Abstract

Motivation: In order to construct gene regulatory networks of higher organisms from gene expression and promoter sequence data efficiently, we developed FastMEDUSA. In this parallelized version of the regulatory network-modeling tool MEDUSA, expression and sequence data are shared among a user-defined number of processors on a single multi-core machine or cluster. Our results show that FastMEDUSA allows a more efficient utilization of computational resources. While the determination of a regulatory network of brain tumor in Homo sapiens takes 12 days with MEDUSA, FastMEDUSA obtained the same results in 6 h by utilizing 100 processors.

Availability: Source code and documentation of FastMEDUSA are available at https://wiki.nci.nih.gov/display/NOBbioinf/FastMEDUSA

Contact:  hfine@mail.nih.gov

Supplementary information:  Supplementary data are available at Bioinformatics online.

1 INTRODUCTION

Among the numerous ways to determine gene regulatory networks of higher organism (Bussemaker et al., 2001; Elemento et al., 2007; Segal et al., 2003), MEDUSA is a well-known and powerful computational tool (Kundaje et al., 2008). Utilizing a boosting algorithm (Freund and Shapire, 1997), MEDUSA models promoter sequences and gene expression data from various experimental conditions. Providing a global predictive model of condition-specific expression states of target genes, MEDUSA has been successfully used to discover novel regulators in oxygen and heme regulatory networks in Saccharomyces cerevisiae (Kundaje et al., 2008).
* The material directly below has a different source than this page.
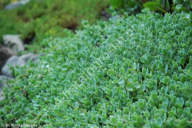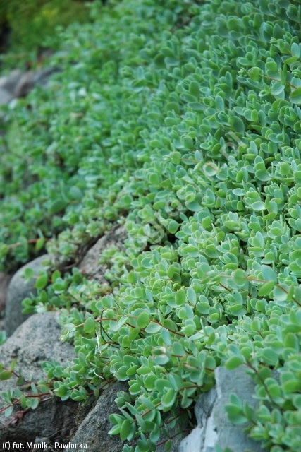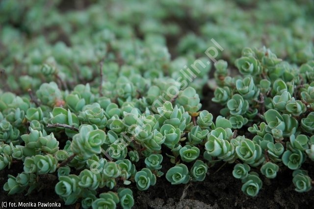Bylina o płożących się, czerwonobrązowych pędach, wysokości 15-20 cm. Pędy gęsto pokryte okrągłymi, niebieskawymi liśćmi z wąskim, czerwonawobrązowym brzegiem. Kwiaty drobne, różowe zebrane w gęste kwiatostany, w VIII-IX. W czasie kwitnienia zaczynają opadać liście. Po kwitnieniu najlepiej ściąć części nadziemne. Do sadzenia na murkach lub wśród większych kamieni, gdzie kwitnące pędy mogą się swobodnie przewieszać. Stosowany w ogrodach skalnych pojedynczo lub 2-3 w grupie. Liczba roślin na 1 m2 - 9.
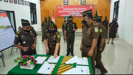 P. SIANTAR, – Deklarasi Pembangunan Zona Integritas (ZI) menuju Wilayah Bebas Korupsi dan Wilayah Birokrasi Bersih Melayani (WBK/WBBM) di lingkungan Kejaksaan Tinggi Sumut berlangsung secara virtual, Senin (5/4/2021). Kejari Pematangsiantar juga turut serta dalam deklarasi tersebut dan turut melakukan Penandatanganan Pakta Integritas dan Penandatanganan Komitmen Bersama. Penandatangan Pakta Integritas dan Komitmen bersama diawali dengan menyanyikan lagu Indonesia Raya berlangsung di ruang aula kantor Kejari Siantar dihadiri Kajari Siantar Agustinus Wijono Dososeputro dan para Kasi dengan agenda mendengarkan sambutan dan pembacaan deklarasi Pakta Integritas oleh Kajatisu Ida Bagus Nyoman Wiswantanu.

Although MEDUSA is a powerful computational tool for inferring gene regulatory networks, it has certain limitations. MEDUSA requires the commercially available software package, MATLAB. In addition, the execution time of MEDUSA increases dramatically with larger sizes of input data sets. For example, MEDUSA needed >4 weeks for the modeling and analysis of about 7000 genes using 1000 iterations. Parallel computing has been used to solve the latter problem for several bioinformatics applications to date (Xiaohong et al., 2009). Here we introduce FastMEDUSA, a fast, parallelized, open source implementation of MEDUSA in C++ that uses freely available libraries. Our benchmark results showed that FastMEDUSA allows to model gene sets about 40 times faster than the original implementation of MEDUSA, utilizing 100 processors.

2 METHODS

2.1 Algorithm

In MEDUSA, a training set consists of a matrix of discretized expression pairs (g, e) of a gene g in experiment e. MEDUSA applies boosting on the training set to iteratively build an alternating decision tree (ADT), which consists of weighted weak classifiers. A weak classifier, which consists of a motif m, regulator r and expression state s of r, classifies a set of examples (g, e) where motif m is present in the promoter of gene g and the expression state of regulator r is s in experiment e. A weak classifier with maximum classifier score is added to the ADT iteratively. Each element in the training set is reweighted for the next iteration where misclassified elements get a higher weight than accurately classified elements. In a final ADT, the total weight (i.e. prediction score) of the weak classifiers that satisfy an element in the test set represents the overall prediction for this element.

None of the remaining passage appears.